Problem » All of the data below must be reproduced word for word, but without its images.

Given information »
########
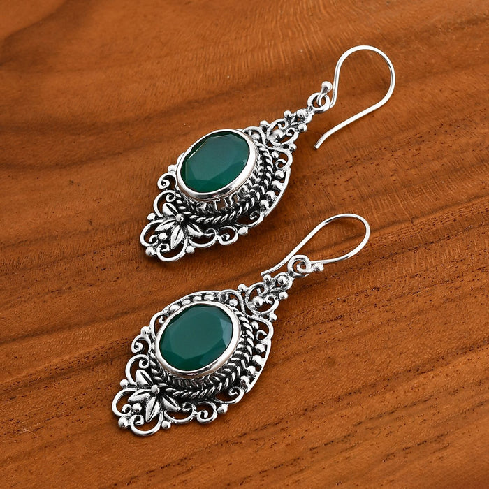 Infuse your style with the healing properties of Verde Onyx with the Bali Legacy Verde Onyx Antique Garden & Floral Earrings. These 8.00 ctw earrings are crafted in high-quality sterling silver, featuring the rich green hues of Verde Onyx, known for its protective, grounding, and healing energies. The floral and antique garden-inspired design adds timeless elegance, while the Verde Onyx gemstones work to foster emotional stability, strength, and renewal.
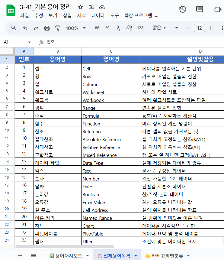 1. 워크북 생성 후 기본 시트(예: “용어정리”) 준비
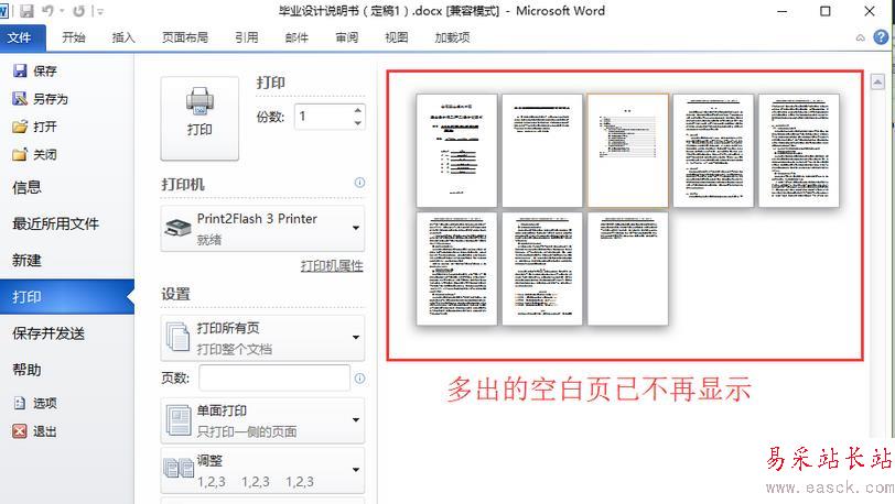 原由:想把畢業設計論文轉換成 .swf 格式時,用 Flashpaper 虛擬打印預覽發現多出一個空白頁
########
Output »
 Infuse your style with the healing properties of Verde Onyx with the Bali Legacy Verde Onyx Antique Garden & Floral Earrings. These 8.00 ctw earrings are crafted in high-quality sterling silver, featuring the rich green hues of Verde Onyx, known for its protective, grounding, and healing energies. The floral and antique garden-inspired design adds timeless elegance, while the Verde Onyx gemstones work to foster emotional stability, strength, and renewal.
 1. 워크북 생성 후 기본 시트(예: “용어정리”) 준비
 原由:想把畢業設計論文轉換成 .swf 格式時,用 Flashpaper 虛擬打印預覽發現多出一個空白頁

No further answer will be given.